The meeting, which stretched into the early-morning hours, took place at the Makito home of Jose Cojuangco, brother of former President Corazon Aquino. While Cojuangco's daughter kept a buffet table piled high with chicken sandwiches, macaroni salad and cookies, Pastor Saycon, a businessman and longtime Arroyo critic, outlined plans for a new government. (Saycon invited TIME's Nelly Sindayen to witness the meeting.) While more than a dozen businessmen and politicians listened, Saycon phoned a person he identified as a U.S. official in Washington. "You will still be our friend, not China," Saycon assured the man.
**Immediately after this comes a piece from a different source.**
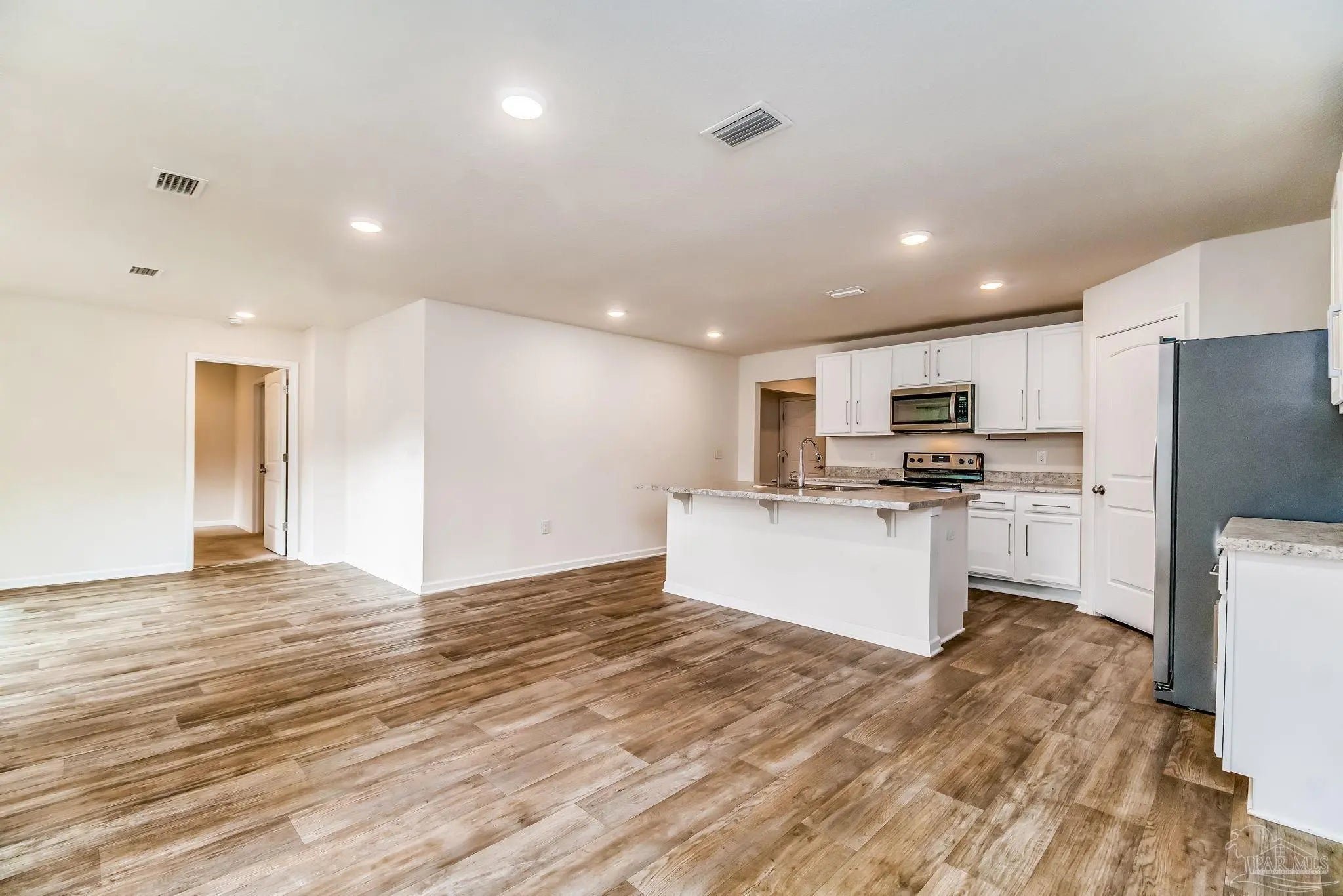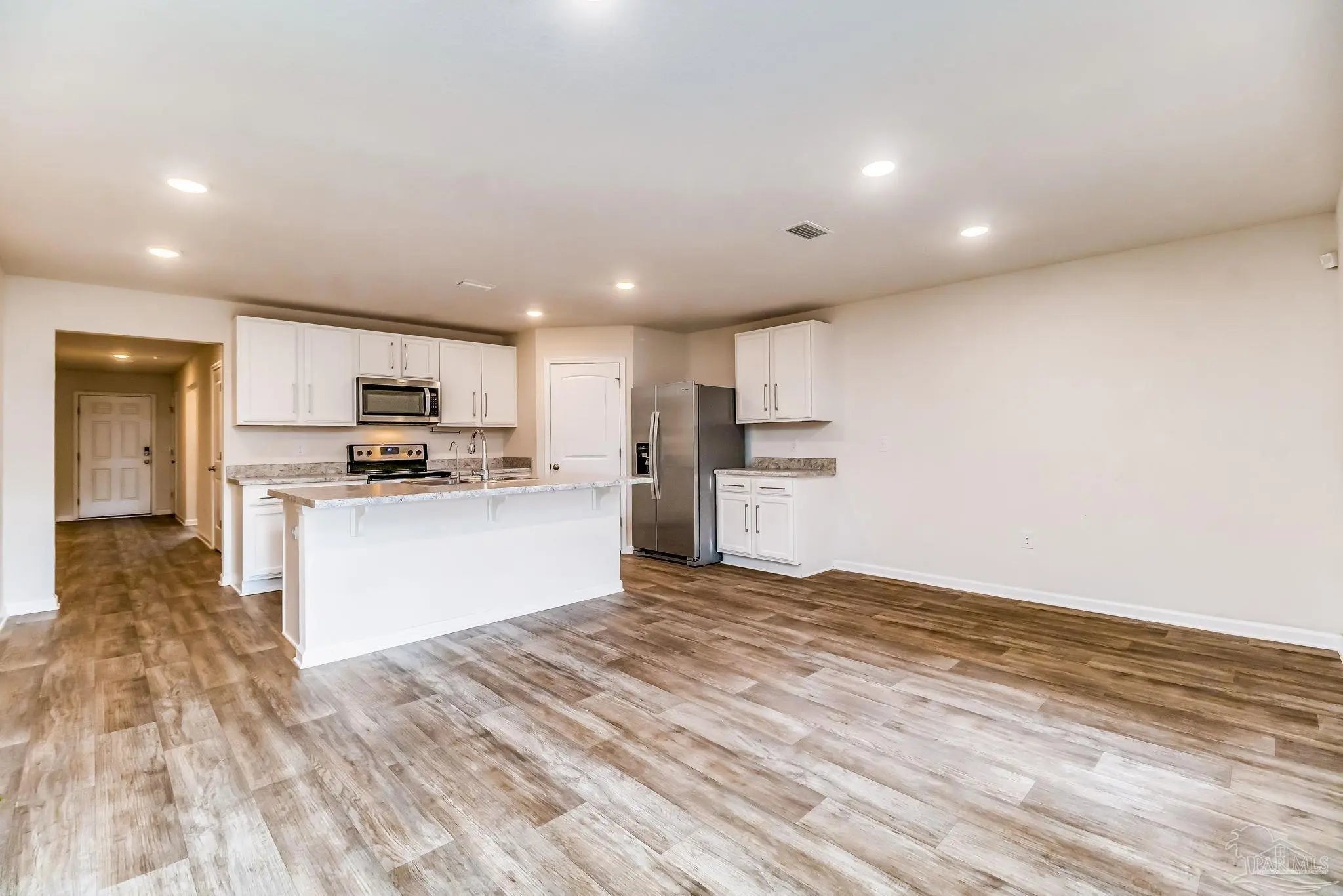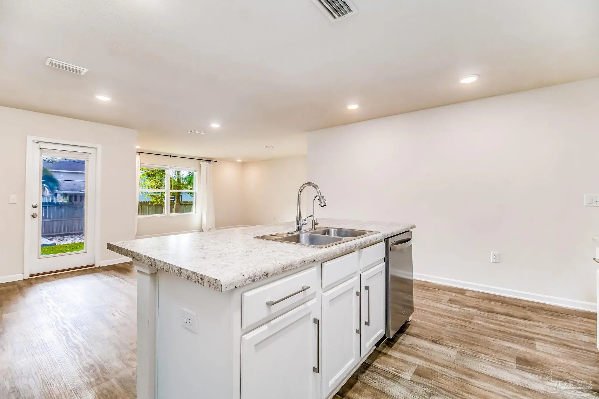 Welcome to this IMMACULATE 4-bedroom, 2-bath floorplan in desirable Ashland Heights! From the moment you step inside, you’ll notice the beautiful wood-look vinyl flooring throughout the main living areas, complemented by plush wall-to-wall carpet in the bedrooms for added comfort. Two generously sized bedrooms are thoughtfully positioned on one side of the home with a full bathroom conveniently located between them. On the opposite side, you’ll find a third bedroom and a dedicated laundry room, offering privacy and functionality for today’s lifestyle. The heart of the home features a bright, open-concept layout where the kitchen seamlessly flows into the dining and living areas—perfect for entertaining or everyday living. The kitchen is sure to impress with white shaker cabinets, stainless steel appliances, abundant cabinet space, a pantry, and a large island ideal for meal prep and gatherings. Tucked just off the living area, the spacious primary suite easily accommodates a king-size bed and additional furniture. The ensuite bath boasts double vanities, a walk-in shower, and a HUGE walk-in closet. Additional highlights include upgraded lighting in the garage, providing enhanced visibility and functionality. This home has been meticulously maintained and is truly move-in ready.

Saycon then phoned someone he identified as Brigadier General Danilo Lim. Over the speakerphone, Lim said it was "all systems go." A military contingent would march to a shrine in Manila where the 20th anniversary of the People Power revolution (which toppled Ferdinand Marcos) was to be celebrated. There, the military men would meet a group of Catholic bishops, and a Philippine marine officer would read a statement withdrawing support from the government. The bishops made one request: that the coup be bloodless.
The plot fizzled when Lim tried to enlist the support of Armed Forces Chief of Staff Generosa Senga, who instead took Lim into custody. On Friday Arroyo declared a state of emergency. Neither Saycon nor anyone else at the meeting was immediately arrested.
Arroyo's hold on power remains tenuous. The military said last week that 14 junior officers had been briefly detained for allegedly plotting a separate coup. And despite pledges of support by the armed forces, rumors of unrest are a constant source of fear for Arroyo's civilian leadership. In a TV address, she declared that "as commander in chief, I control the situation." In the hurly-burly politics of the Philippines, that remains to be seen.